A Randomized, Double-Blind, Double-Dummy, Parallel-Group Study To Evaluate The Efficacy And Safety Of Ocrelizumab In Comparison To Interferon Beta-1a (Rebif®) In Patients With Relapsing Multiple Sclerosis

The purpose of this research study is to answer the following questions:

• How well does ocrelizumab stabilize, or potentially improve, the signs and symptoms of your MS?
• How safe is treatment with ocrelizumab, and how well do you tolerate ocrelizumab?
• How does ocrelizumab affect your body, and how well does your body break down ocrelizumab?
• How well does ocrelizumab work compared with standard treatment for MS, such as Rebif®?

Is there any way we can predict, with outcome of laboratory and brain magnetic resonance imaging (MRI) scans, how ocrelizumab will help in the clinical course of your disease?

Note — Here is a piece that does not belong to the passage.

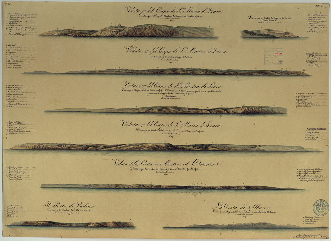 "Documenti n. 75 e 76. Sei tavole ad acquerello datate al 1817 firmate, tre da Ludovig Fetzer e tre dal Barone Groenzenstein tenente del Regg.to Corazzieri Austriaco. Le tavole contengono rispettivamente: Docum. 75 -Tav. 53-1) Castello di Castro, Otranto, Capo di Leuca Docum. 75 -Tav. 54-2) Monte Gargano, Saline e Costa di Barletta, Castello di Brindisi, Torre di Penne e Castello di Brindisi Docum. 75 -Tav. 55-3) Capo di Otranto, Capo di S. Maria di Leuca, Costa d'Albania Docum. 76 -Tav. 56-1) Capo di S. Maria di Leuca, Veduta della Costa tra Castro ed Otranto, Porto di Vadisco, Costa d'Albania Docum. 76 -Tav. 57-2) Porto e Costa di Otranto, Porto di Brindisi e il Castello, Carovigno ed Ostuni Docum. 76 -Tav. 58-3) Barletta, Monte Gargano. Le tavole di questo documento, come pure dei Docum. 78-1 e 78-2 - numero di Categorico 10113 e il Docum. 77 - numero di Categorico 10112 - si riconnettono ai lavori eseguiti dal 1817 al 1819 dagli ufficiali austriaci dell'Ist. Geografico di Milano per la Carta Idrografica dell'Adriatico e delle isole Ionie il lavoro venne eseguito con il concorso dell'Officio Topografico di Napoli sotto la guida del Col. Visconti e del Cap. inglese W. Smyth. (Cfr. Firrao C., "Sull'Officio Topografico di Napoli, Origini e vicende, 1868"."

As part of this study, we are also asking your permission to let us take blood samples during the study to test protein biomarkers. Biomarkers are substances in the body that can be used as a sign of a specific disease, condition or method to predict how you respond to or tolerate treatment with ocrelizumab. We may use these samples to:

• Learn more how ocrelizumab works.
• Learn more how MS can affect your body.
• Find new tests that could be used in management of MS and set up standards for these tests.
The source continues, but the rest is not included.